4) The section regarding deubiquitinases is a bit confusing since it is organized as a list with no particular order. In order to help understand the different processes regulated by these enzymes it could be helpful to group them by the functions they perform: regulation of K63 chain formation, modification of H2AK13/15, H2AK119, H2AK125/127/129, H2BK120 and their consequences for chromatin status (transcription inhibition, access), the recruitment of different proteins, pathway choice and DNA resection. Since many of these deubiquitinases play overlapping roles this organization would help to better understand their functions.

Response: Several DUBs mentioned in this review have multiple histone substrates and for others, the specific lysine residues they modify have yet to be defined. This has made it difficult to organize Section 3 based on function or substrate. Instead, DUBs have been listed in alphabetical order. We hope the reviewer will accept this approach.

 

Minor points:

1) The definition of the different modifications by the ubiquitin system needs to be better explained: mono-ubiquitination, poly-mono-ubiquitination, chain formation and branched/mixed chain formation. It is important to understand that mono-ubiquitination on several residues in the same histone can take place.
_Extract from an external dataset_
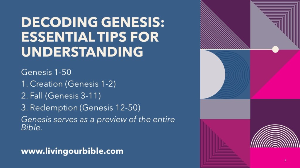 Genesis serves as a preview of the entire Bible. If you understand Genesis, the other books will be easier to comprehend.

Response: The ubiquitination definitions found in lines 51-58 have been expanded to include monoubiquitination and multi-monoubiquitination as well as linear, mixed, and branched polyubiquitin chains.

2) The nomenclature of the lysine residues within the manuscript is not constant. The authors should review the numbering of the lysine to make it consistent.

Response: Throughout the text, monoubiquitination has been denoted by “ub1” following the histone and lysine residue (i.e. H2AK119ub1). Polyubiquitin chains have now been clearly specified i.e. K63-linked polyubiquitin chains.

3) The access of 53BP1 to chromatin is regulated by the binding to H4K20me2. The authors refer to the functions of JMJD2A in this context, they should include a similar role found for L3MBTL1 in blocking the access to H4K20me2.

Response: The polyubiquitination of L3MBTL1 by RNF8 and subsequent proteasomal degradation in order to facilitate 53BP1 binding to H4K20me2 has been discussed in lines 139-150.

 

Round 2

Reviewer 3 Report

The new version of the revision has included all the changes that I had suggested and addressed all my comments. Thanks to the authors for their nice and comprehensive work. I think that the paper is now ready for its publication.